Another species of the invention is illustrated in FIG. 5 wherein the inner piston assembly includes a piston 5 which is very similar to the piston 4 of the breech structure illustrated in FIG. 1 but differs in specific aspects including the fact that there is no conduit between chamber 51 and combustion chamber 50, the enlarged portion of the chamber at 52 between and defining shoulders 57 and 59 and the fact that chamber 51 is used as a reservoir for a fluid to effect control of movement of piston 5 by hydraulic pressure during firing, rather than for an initial charge as used in FIG. 1. Piston 5 receives a shaft 54 which is similar to the shaft 44 of the FIG. 1 version in that there is a central passageway or conduit 53 for the purpose of supplying a fluid to the chamber 51. In addition, in the FIG. 5 modification of inner piston assembly, the valved conduit 53 terminates in a plurality of branch passages terminating in outlets 55 and 56 which are so sized and located with respect to the enlarged chamber portion 52 and shoulders 57, 59 as to cooperate to assist in controlling and varying the rate of flow of fluid from chamber 51 out through conduit 53 responsive to pressure.
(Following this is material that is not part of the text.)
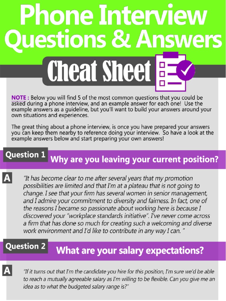 phone interview questions cheat sheet Interview questions phone tips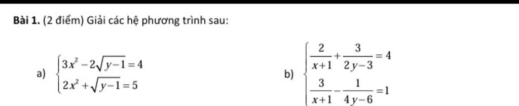 `{(3x^2-2sqrt(y-1)=4),(2x^2+sqrt(y-1)=5):}` `ĐK y >=1`

Although piston 5 as illustrated is inherently a differential area piston, that characteristic is not necessary for a hydraulic system of this type unless it were designed to work against a predetermined head. In FIG. 5, the combustion chamber 50 is of slightly different size and shape than chamber 30 of FIG. 1 solely to illustrate the principle that such variations are possible, arbitrarily or as means to affect ballistic results without departing from the concepts of the invention. In the FIG. 5 arrangement, with all of the propellant conduits 33 initially interdicted by piston 5, a system for insertion of a primer quantity of liquid propellant may be advisable. Such a system is represented by conduit 58 and could be combined with the igniter system 14.
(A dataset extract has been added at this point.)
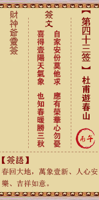 官事:早和。功名:遇贵。婚姻:合宜。求财:渐丰。病:灾消。家宅:昌隆。六甲:生男。运途:占春。谋望:寅卯。移居:春可。失物:急寻。农业:早丰。地理:吉利。学业:必成。商业:大利。求职:春间。流年:大吉。

As combustion starts in combustion chamber 50, with the valve in 53 set to a predetermined opening, inner hollow piston 5 is pushed slowly to the rear by pressures resulting from the combustion as fluid from chamber 51 escapes through conduits 55 and conduit 53 at a rate determined by capacity of conduits 55. As one or more of the multiple injection ducts 33 are progressively opened, the increased quantity of flow of liquid propellant from reservoir 31 to the combustion chamber progressively increases the combustion pressure. As conduits 56 become exposed to the enlarged portion 52 of chamber 51, the rate of flow of inert fluid increases up to the limit of the setting of valve in conduit 53 permitting piston 5 to increase its rearward speed uncovering additional conduits 33. As the pressure continues to build in the combustion chamber 50, hollow piston 25 is forced to the rear increasing the pressure on and feeding liquid propellant into combustion chamber 50 at the maximum rate permitted by the conduits 33 that have been uncovered. As the pistons approach their rearward position, piston 5 is slowed somewhat as a result of the dashpot-like action of outlets 55, the entry of the end of shaft 54 into the constricted end of chamber 51 and ultimately some of the outlets 56 being interdicted by the cooperating shoulder portions 57 of the walls defining chamber 51. This causes one or more of conduits 33 to overtake and be interdicted by the front end of piston 5 as hollow piston 25 approaches its rear most position. This arrangement permits the additional shaping of the combustion chamber pressure curve by selection of sizes and locations of the

conduits

33, 53, 55 and 56. Further changes can be made by varying the size and configuration of the combustion chamber 50 itself or reservoir 31 and by manipulation of the valve in 53. It should be further pointed out that the valve in conduit 53 could also be used as a control element during the combustion cycle, either on a programmed basis or as a feedback element responsive to some measured parameter such as, for example, chamber pressure to achieve finer control or closed loop control.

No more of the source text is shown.